• TASK PROMPT: Write out only the lines from the start of the entries up to and including the line with "Convite formal para"; please skip the pictures.
::: DATA SHOWN
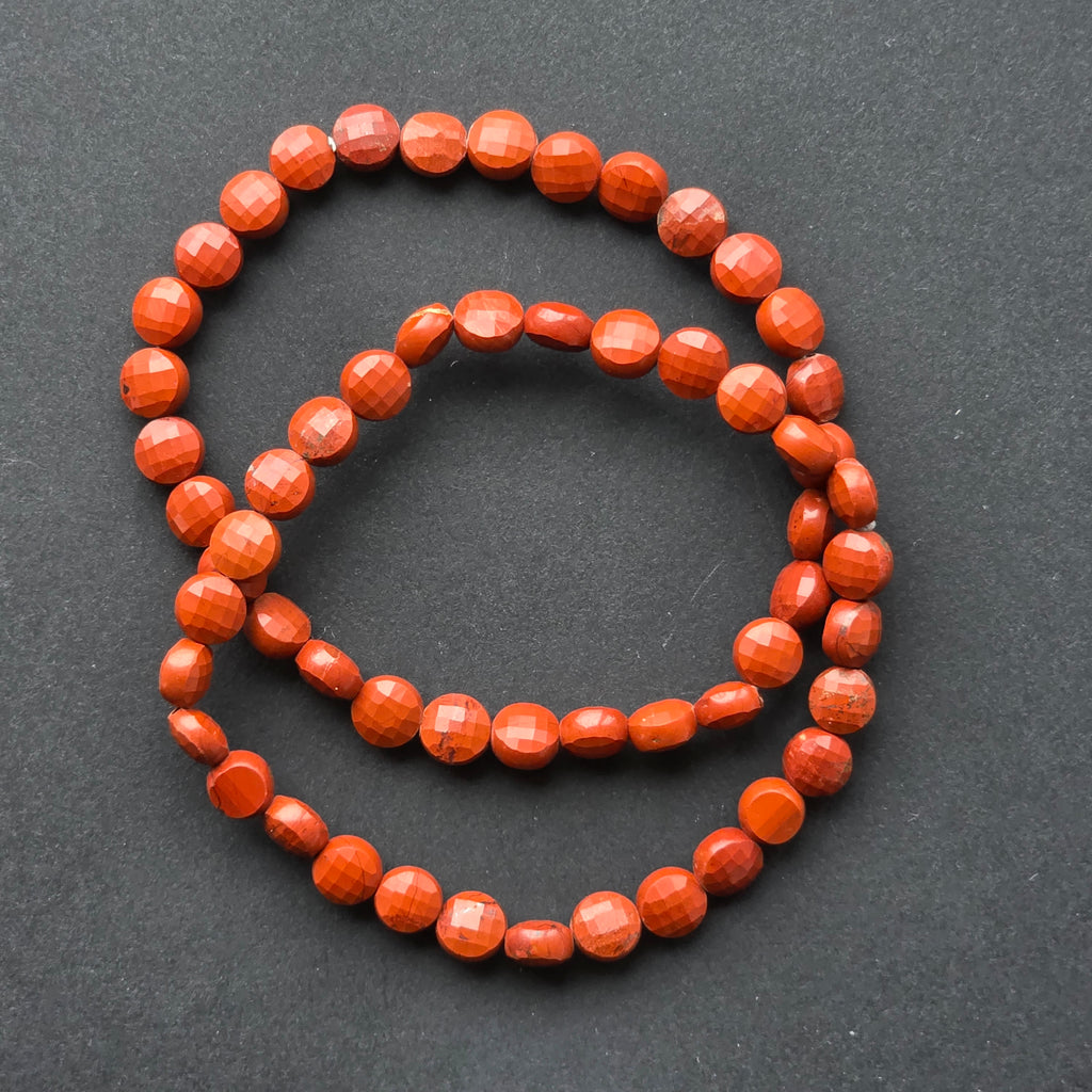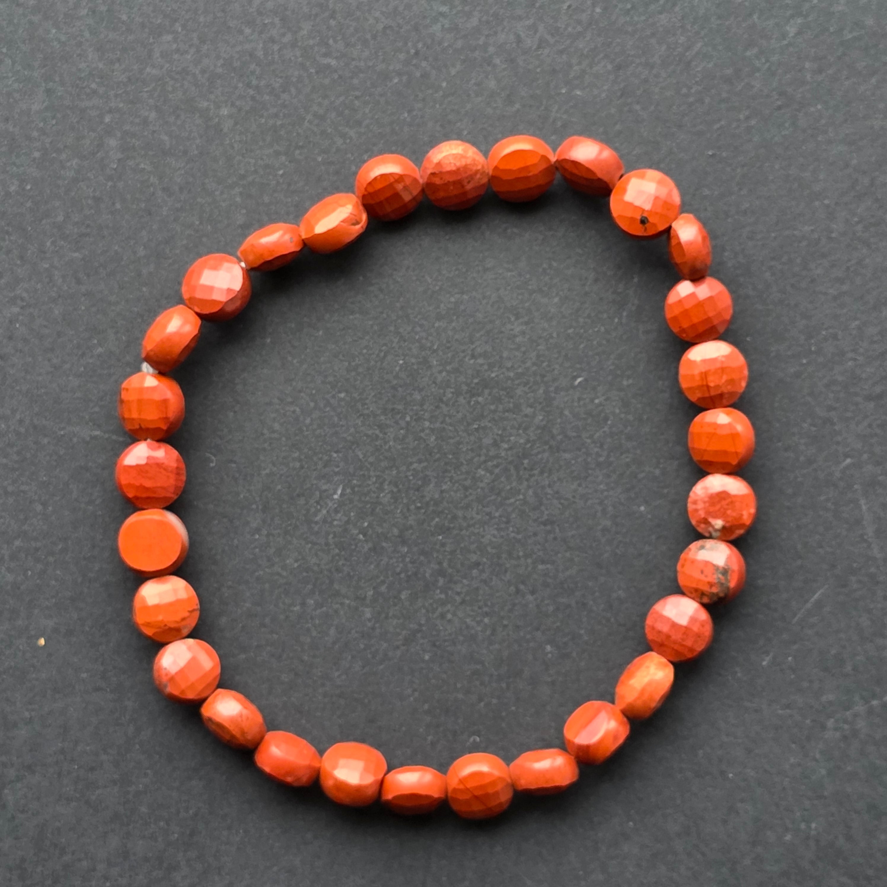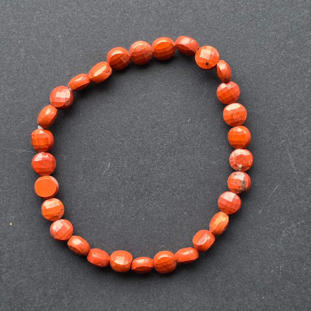 Brățară fațetată jasp rosu discuri rotunde 6x4 mm
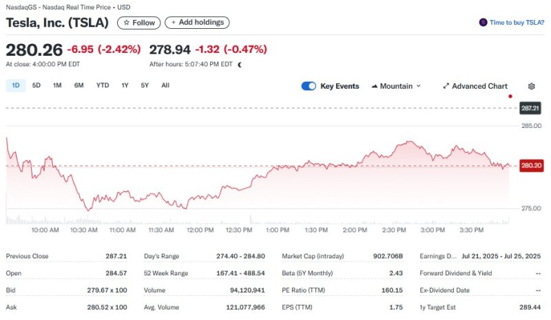 5일(현지시간) 뉴욕증시에서 테슬라는 2.42% 급락한 280.26달러를 기록했다.
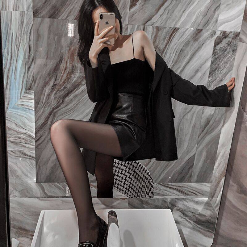 Black mercerised leg Divine Instrumental Woman Autumn Winter in Pants Sexy Silk Socks Spring Autumn Thin and Fake Through Flesh-Skin Pants Socks
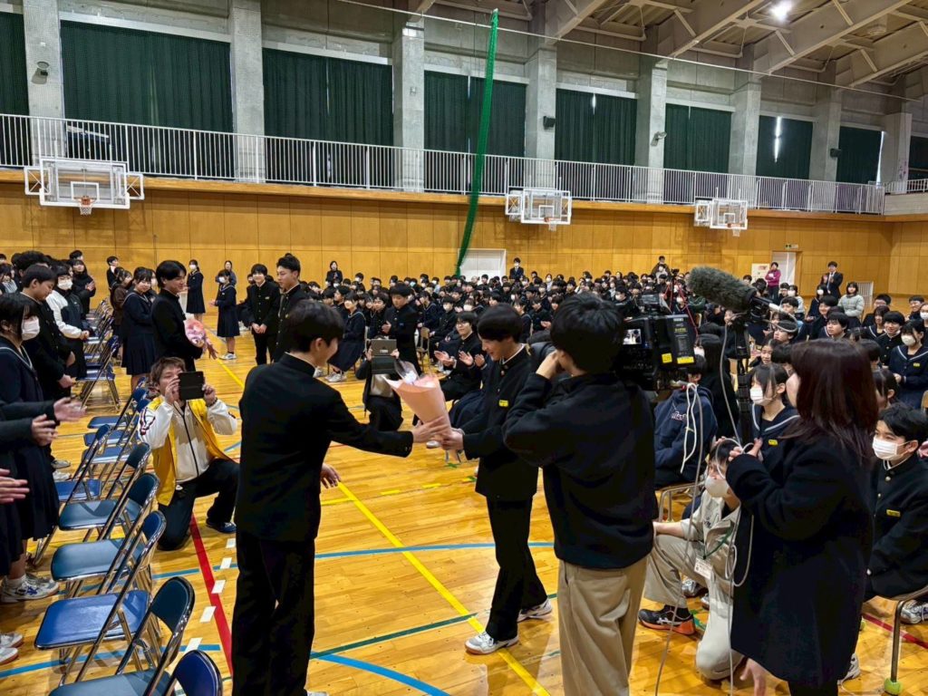 森田中学校の卒業生を送る会に合わせ、同校2年生が不要となった布を再利用し手作りの花束を制作しました。卒業を迎える3年生へ感謝と応援の気持ちを込めて贈呈するとともに、能登半島地震の影響により大きな環境変化の中にある輪島市の生徒達へ、同じ時代を生きる仲間としてエールを届けます。
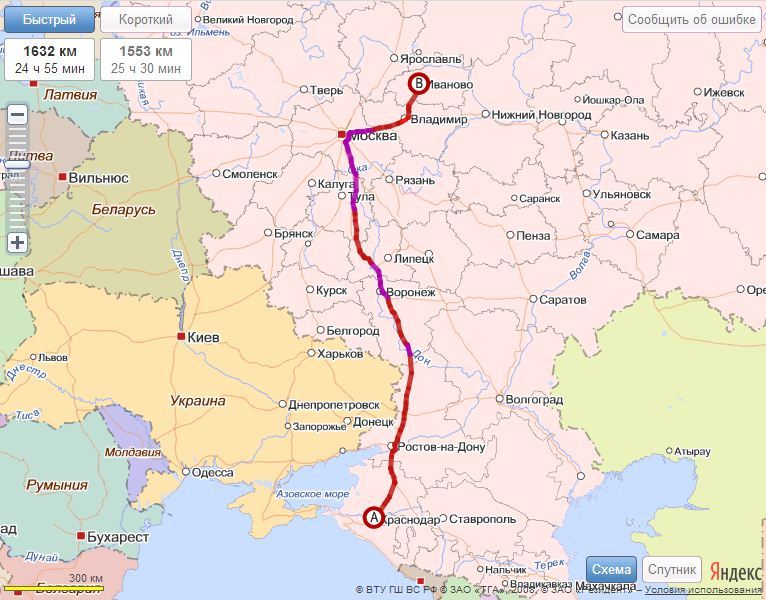 Грузоперевозки Краснодар Иваново. Расстояние 1632 км. Время в пути 24 ч 55 мин. Промежуточные крупные города - Краснодар, Ростов-на-Дону, Богучар, Елец, Москва, Владимир, Иваново
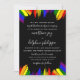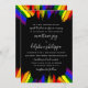 Convite formal para o casamento LGBT em preto com fontes encantadoras e bandeira de orgulho pintam traçados moldando a redação formal do casamento em texto branco contra fundo preto.
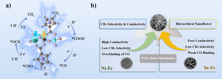 图4. CO2电还原中Ni/In双金属催化剂的结构与组分示意图。(a)Ni5In3-Fc 中 Ni–In位点的电子结构与反应路径构型。(颜色标注:紫色球=Fe,棕色球=In,绿色球=Ni,粉红色球=O,深灰色球=C,浅灰色球=H。)(b)不同 Ni/In 比下的催化剂形貌变化及反应性能调控。
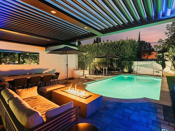 Welcome to this custom newer-built modern residence, a thoughtfully designed single-story home with pool that blends architectural style with elevated comfort. Behind the sleek façade, and fully gated with a motorized front gate, the home features along private driveway that provides an abundance of parking—an exceptional convenience rarely found in homes of this caliber. Inside, wide-plank wood floors, oversized windows, and a refined mix of black, white, and natural finishes create a warm yet upscale atmosphere throughout.At the center of the home, the chef’s kitchen showcases a 36" Bertazzoni 5-burner gas stove, built-in monogram refrigerator, quartz countertops, high-gloss cabinetry, a walk-in pantry, and a built-in wine rack. The open living and dining areas connect seamlessly, enhanced by recessed Bluetooth speakers that fill the space with sound and elevate both entertaining and everyday living.The primary suite offers a serene retreat with a custom-built out closet and a beautifully appointed bathroom, featuring a dual vanity and oversized walk-in shower clad in modern tilework. Additional bedrooms are generously sized and well positioned for comfort and privacy. Designed for resort-like living, the backyard features a sparkling salt water heated pool with all newer equipment, surrounded by lush tropical landscaping for total privacy. The outdoor space features, lounge area, space for your bbq, a custom louvered pergola with built-in lighting and a linear fire feature create the perfect setting for year-round enjoyment. Completing the property is a rooftop deck above the detached garage, offering peaceful hillside views and another relaxing space to unwind.With its refined finishes, Unify camera system, modern amenities, and thoughtful single-level design, this home delivers a truly elevated living experience. Schedule a private viewing today.
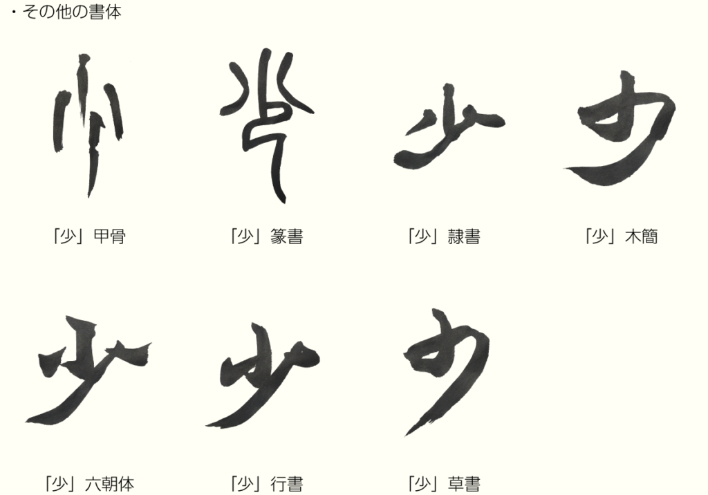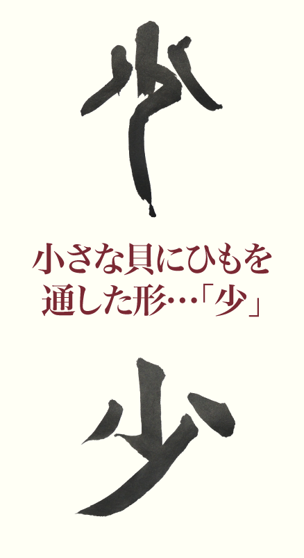 左の金文を見ると、「小」が貝や宝石がバラバラに散乱している形で、それに「ひも」を通してつづった形が「少」なんだ。数が少ないので、すこし・すくない、の意味になり、それを人に当てはめて、少年・年少・少数など、わかい・おさないなどの意味でも使われるようになったよ。
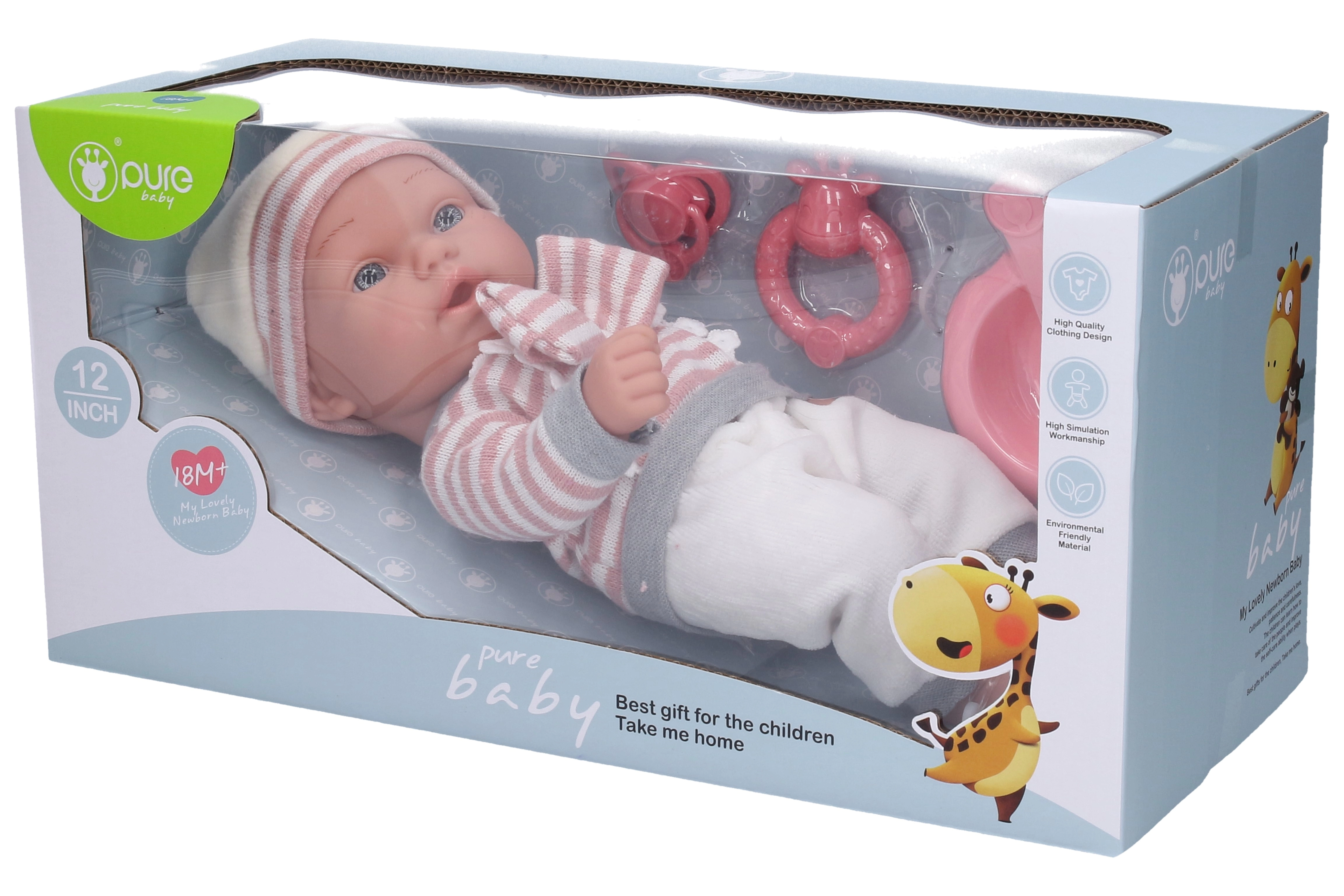 Šis mīlīgais 30 cm mazulis ir ideāls ikvienam bērnam, kurš mīl spēlēties ar realistiskām lellēm. Ar šo komplektu varat sagaidīt stundām ilgu jautrību, pilnu rūpju un iztēles, pateicoties iekļautajiem piederumiem, piemēram, knupītis, grabulis un bļodiņa ar piederumiem.
::::::
• RESULT OF THE TASK:
 Brățară fațetată jasp rosu discuri rotunde 6x4 mm
 5일(현지시간) 뉴욕증시에서 테슬라는 2.42% 급락한 280.26달러를 기록했다.
 Black mercerised leg Divine Instrumental Woman Autumn Winter in Pants Sexy Silk Socks Spring Autumn Thin and Fake Through Flesh-Skin Pants Socks
 森田中学校の卒業生を送る会に合わせ、同校2年生が不要となった布を再利用し手作りの花束を制作しました。卒業を迎える3年生へ感謝と応援の気持ちを込めて贈呈するとともに、能登半島地震の影響により大きな環境変化の中にある輪島市の生徒達へ、同じ時代を生きる仲間としてエールを届けます。
 Грузоперевозки Краснодар Иваново. Расстояние 1632 км. Время в пути 24 ч 55 мин. Промежуточные крупные города - Краснодар, Ростов-на-Дону, Богучар, Елец, Москва, Владимир, Иваново
 Convite formal para o casamento LGBT em preto com fontes encantadoras e bandeira de orgulho pintam traçados moldando a redação formal do casamento em texto branco contra fundo preto.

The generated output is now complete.